Arlette estaba en buenas relaciones con sus vecinos, lo había estado desde que había bajado, cuando se mudaron, para disculparse por todo el maldito ruido.

—He venido a pedirle un favor: si podría meter a alguien media hora sin desbaratar todas las citas concertadas.

—Oh, probablemente eso no será ningún problema. Muchas veces hay anulaciones y aunque no las haya podría sacar media hora, si no es más que eso. ¿Se trata de usted? —sonriendo.

—Una chica que ha venido con un problema familiar. No querría molestarle, y no tengo intención de sentar precedentes. Quiero que se marche a su casa lo antes posible, pero ella tiene un poco de miedo de hacerlo; los padres están, o eso dice ella, amenazándola con un psiquiatra sólo porque tiene algunos problemas de conducta, y yo he pensado que se quedaría más tranquila si hablara con un experto y le dijera, supongo, que no tiene de qué preocuparse.

—Entiendo. Quiere usted decir algo rápido y superficial, sin ningún test. ¿Un poco de conversación paternal? Eso es fácil. Tal vez quiera que vuelva. ¿Cómo se llama?

—Marie-Line Siegel. No creo que haya ningún problema si tiene que volver, si usted quisiera hacer un examen más completo.

—Siegel. Ah, este nombre me suena. Me pregunto… quizás estoy confundido, ¿es algún colega?

—En efecto. Dentista.

—Ajá, eso es. —El anciano se quedó mirándola, frotándose la barbilla—. Me pone usted en un ligero aprieto, mi querida madame Davidson. Me encantaría hacer lo que me pide, pero ahora no estoy muy seguro. Un colega profesional, sabe; no le conozco socialmente, pero nos sentamos juntos en un comité. Me pregunto si lo que usted sugiere no podría ser un poquito delicado.

—Sí, entiendo —dijo Arlette enseguida, sabiendo que era inútil presionar—. ¿No la ética pero quizá la etiqueta?

—Alguna expresión de protocolo de este tipo. Él es un poco estirado, ya sabe, y anticuado. El padre a quien conocí de joven era extremadamente Victoriano. Podría tomarse a mal.

—Ninguna tensión —dijo Arlette—, y perdone que le haya molestado.

Arthur estaba fregando platos, ayudado por Marie-Line, cuando entró con aire falsamente indiferente, las manos en los bolsillos y el cigarrillo en la boca, con el aspecto, dijo Arthur, «de John Wayne en un momento de desaliento».

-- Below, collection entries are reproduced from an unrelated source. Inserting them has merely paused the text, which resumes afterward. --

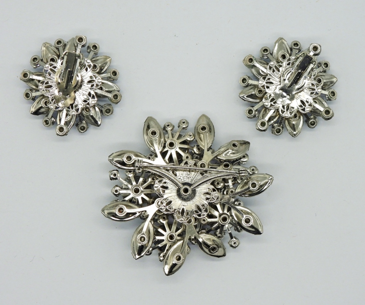 Silver Tone Blue Rhinestone Brooch and Matching Earrings. Brooch is 2.5″, Earrings are 1.5″.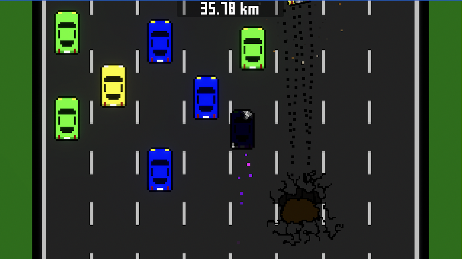 Unimportant bug: I got the faster upgrade while I was in ghost mode or reverse, I forget which, but the sprite changeover didn't go right and I ended up with a black car. Which I didn't mind cuz I look cool, especially when maintaining a bit of damage for cool visual texture and extra challenge.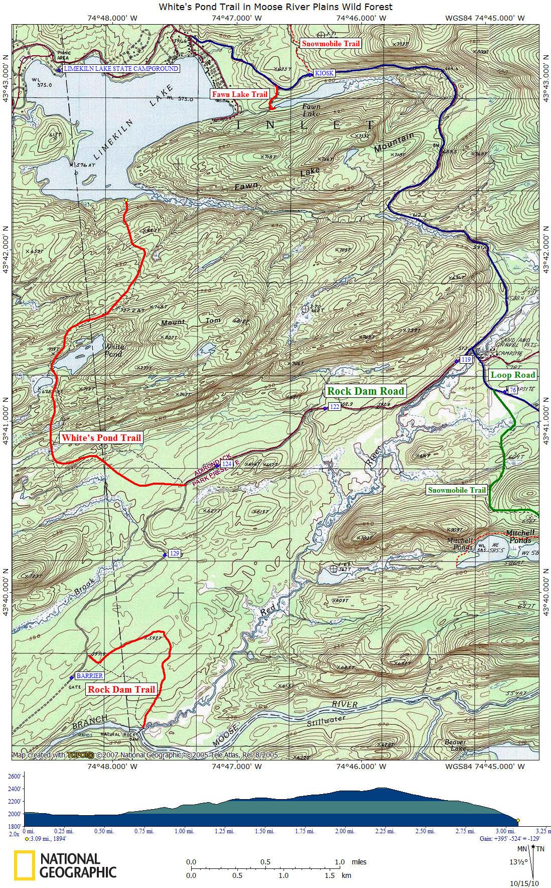 The White's Pond Trail is little used and sometimes overgrown, however it's worth exploring the trail to White Pond. The marked trailhead is located off Rock Dam Road, 2.6 miles from Moose River Plains Road. The trail is well marked with yellow DEC discs. The trail travels 1.6 miles to White Pond and then on to the southern shores of Limkiln Lake after 3.1 miles.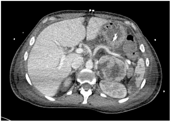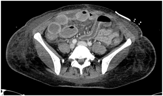 After the operation, the case was discussed at multidisciplinary setting (surgeons, anesthesiologists, radiologists and endocrinologist), and it was decided that the radiological characteristics of the adrenal gland lesion were suggestive of an intra-adrenal paraganglioma. Therefore, left adrenalectomy was indicated. After achieving hemodynamic stabilization sufficient for surgery, the patient underwent an open left adrenalectomy, followed by continued open abdominal management (Figure 3). After 72 h, further surgical revision was performed with the creation of an ileo–ileal and colon–rectal anastomosis and closure of the abdomen. After seven days, the patient’s general condition worsened again. A second surgical intervention was performed due to the dehiscence of the ileal anastomosis and perforation of the appendix. Both the anastomosis and appendix were resected, and open abdomen management with the application of a negative pressure device was initiated and completed after 48 h with an ileostomy. After about 4 days, the patient developed an acute ischemia of the left lower limb on an embolic basis and therefore intravenous sodium heparin was started. The initiation of anticoagulant therapy after about 3 days caused a massive hemoperitoneum with hemorrhagic shock induced by bleeding from collateral branch of superior mesenteric artery and retroperitoneum so a damage control surgery with packing was carried out. At new surgical abdominal look packing was removed. Despite medical therapy with noradrenaline and the surgical interventions, the state of septic shock induced by A. Baumannii infection worsened. After all, the patient developed a persistent Disseminated Intravascular Coagulation (DIC) even though repeated platelet, coagulation factors and fresh plasma transfusion. As a result of persistent DIC, the left lower limb underwent necrosis, and it was amputated.
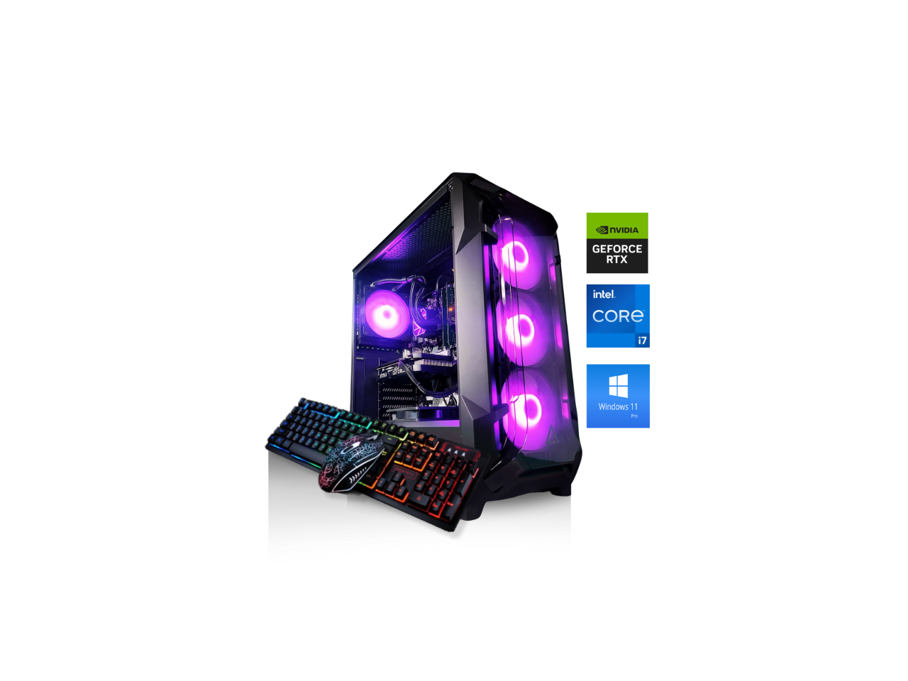 - Special Features: WIFI BT Included | Tempered Glass Side Case Panel | RGB Fan Controller | 4 Controllable RGB Fans | Gaming Keyboard + Gaming Mouse included.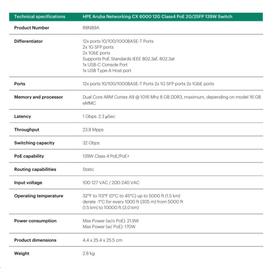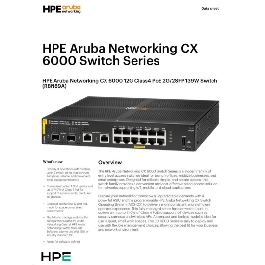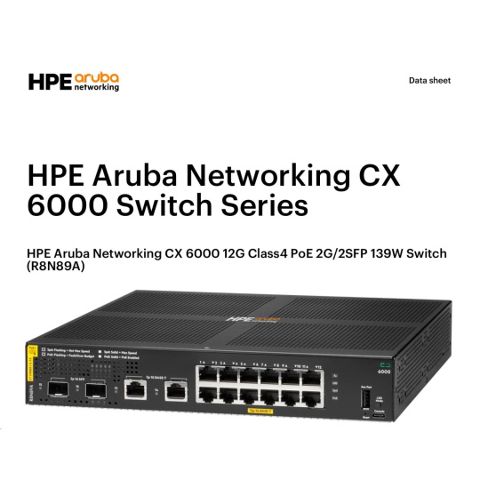 HPE Aruba Networking CX 6000 12G Class4 PoE 2G/2SFP 139W Switch (R8N89A)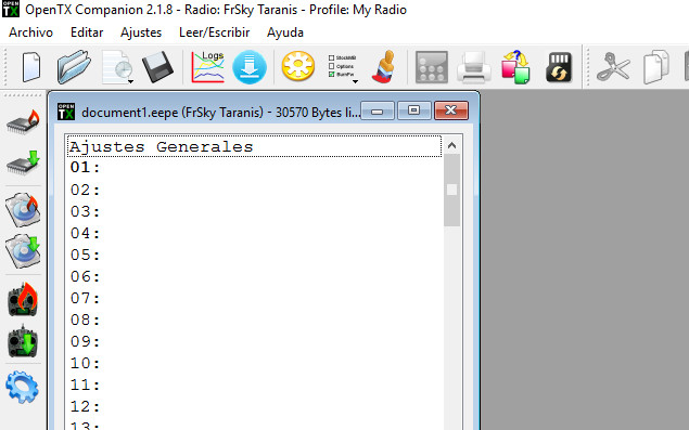 El primero es la programación a través del ordenador. OpenTx ofrece una pequeña pero potente aplicación, OpenTx Companion, que nos ayudará en la ardua tarea de la programación. Además, esta se realiza sin tener el modelo in situ, sino con la ayuda del simulador que ofrece el programa.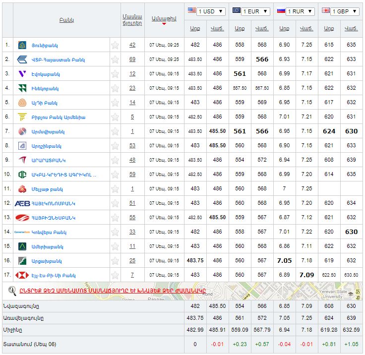 Ներկայացնում ենք Հայաստանի բանկերի կողմից գնվող և վաճառվող արտարժույթների փոխարժեքները սեպտեմբերի 7 -ի դրությամբ՝ ըստ rate.am-ի: Ամերիկյան մեկ դոլարը գնվում է 482 դրամ նվազագույն և 484 դրամ առավելագույն փոխարժեքով, վաճառվում՝ 485.50 դրամ նվազագույն և 486 դրամ առավելագույն փոխարժեքով: Մեկ եվրոն գնվում է 554  դրամ նվազագույն և 562 դրամ առավելագույն փոխարժեքով, իսկ վաճառվում՝ 566  դրամ նվազագույն և 572 դրամ առավելագույն փոխարժեքով: Ռուսական ռուբլին գնվում է 6.85  դրամ նվազագույն և 7.07  դրամ առավելագույն փոխարժեքով, վաճառվում` 7.15 դրամ նվազագույն և 7.30 դրամ առավելագույն փոխարժեքով: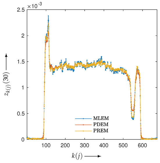 Next, let us examine the results of the physical experiment. The MLEM, PDEM, and PREM methods used the projections shown in the sinogram of Figure 2. The preprocessing time for the parameter estimation in PREM using the reduced-size system was 67 s, which represented an additional 32% of the reconstruction time compared with the original size, which took 207 s. Additionally, Figure 9 plots the changes in the evaluation function and parameters of PREM. Similarly to the numerical experiments, the proposed method operated appropriately. In the transition of the evaluation function, PREM significantly reduced the function value with fewer iterations compared with MLEM and PDEM. The reconstructed images and the density profile are shown in Figure 10 and Figure 11, respectively. The term in the figure denotes the index k on the white horizontal line in the reconstructed image , where . The profile shown in Figure 11, where there are gradual changes in density (in the range of indices from approximately 150 to 500) and sharp transitions (around index 550), indicates that PREM effectively suppressed artifacts caused by noise to a level comparable to PDEM, maintained sharp edges with the same contrast as MLEM, and combined the strengths of PDEM and MLEM.

—Parece ser, chiquilla, que se nos han anticipado. Todos los psiquiatras de Estrasburgo están muy preocupados. El viejo de abajo estaba subyugado. Casi pienso que ha recibido una llamada telefónica.

—No me sorprendería en lo más mínimo —dijo Marie-Line.

—Una conspiración —entrecerrando los ojos por el humo del cigarrillo y cayéndosele la ceniza al suelo—. Esta mañana la prensa, con claras insinuaciones de que soy una charlatana. Esta tarde viene un policía, que probablemente querrá saber si te tengo encerrada en la buhardilla. Ridículo. No sé qué he hecho para merecer esto.

Arthur había estado secando el escurridero, ordenando meticulosamente todas sus pequeñas bayetas y esponjas.

—Una campaña para desacreditarle —dijo—. Una mujer desafía a su autoridad, socava su fuerza, y es una desconocida. ¿Quién es? Alguna extorsionista, alguna pitonisa. Tonterías, pero posible. Esta ciudad todavía es pequeña en muchos aspectos y estimula las ilusiones de grandeur. Un amigo aquí y allá, en la Prefectura o en el periódico. ¿Cuántos psiquiatras hay en Estrasburgo… veinte? Bueno, si quieres uno, ve a París y consíguelo. —Marie-Line pareció encantada con esta idea.

—No —dijo Arlette—. No quiero correr a París cada vez que no podamos conseguir que aquí se haga algo; es idiota. Nos defenderemos aquí. —Parecía intensamente obstinada.

—Ése es mi John Wayne —dijo Arthur—. Debo admitir que cierta tenacidad natural, horriblemente británica, se apodera de mí, y, con mis disculpas, Marie-Line, tu viejo es una lata.